AS to teaching the neck reining to your mini - I agree with all above as to how to go about it. Since yours is so well trained already, it shouldn't be difficult at all to teach her to move over by just laying a line or rein against her neck. Most of my advanced ponies will "neck rein" from either side now, since I often lay the lead against their neck as I ask them to yield away from me. I use a tap with either my hand or a solid object (a short crop or a NH "stick") to increase the pressure until they respond to just the lead or rein laid on the neck. That "tap, Tap, TAP, whack" is a very effective training tool, LOL. Once they learn that the light cue is followed by progressively stronger ones, they get it quick!

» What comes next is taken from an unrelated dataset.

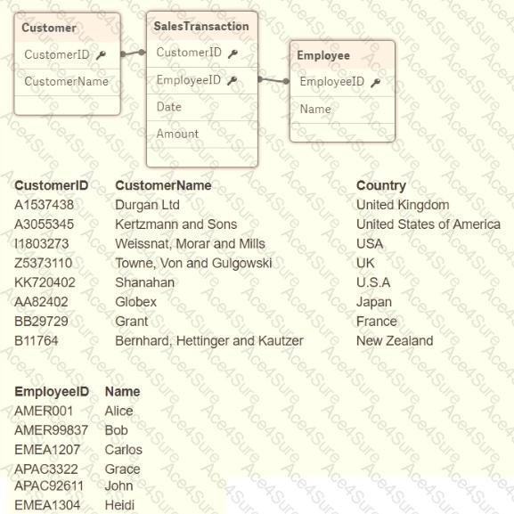 A global sales organization operates in three regions: AMERICAS, EMEA: and APAC. Each region stores its sales transactions in a separate database in which the employees update customer data through a third-party app. The data is extracted into three QVDs.

Once your mini yields with the lead rope/halter, you can introduce neck reining with a bit and I think you will be quite surprised how easy it is. The hard part is teaching the child that it is literally just laying the rein against the neck - not pulling - which actually pulls the head the opposite direction of what is desired. I still sometimes have issues with that one myself and I've been riding western and neck reining since I was a kid. I like using two hands and a snaffle - but then again, I've spent most of my life starting green horses, not taking them all the way to finished riding horse. Most of our shetlands have more training than the riding horses I've started under saddle before returning them home or selling them.

Hope you don't mind that I prefaced this post with pictures of direct reining and learning to handle the reins. To me, it does pertain to learning to neck rein (for the child)....


----------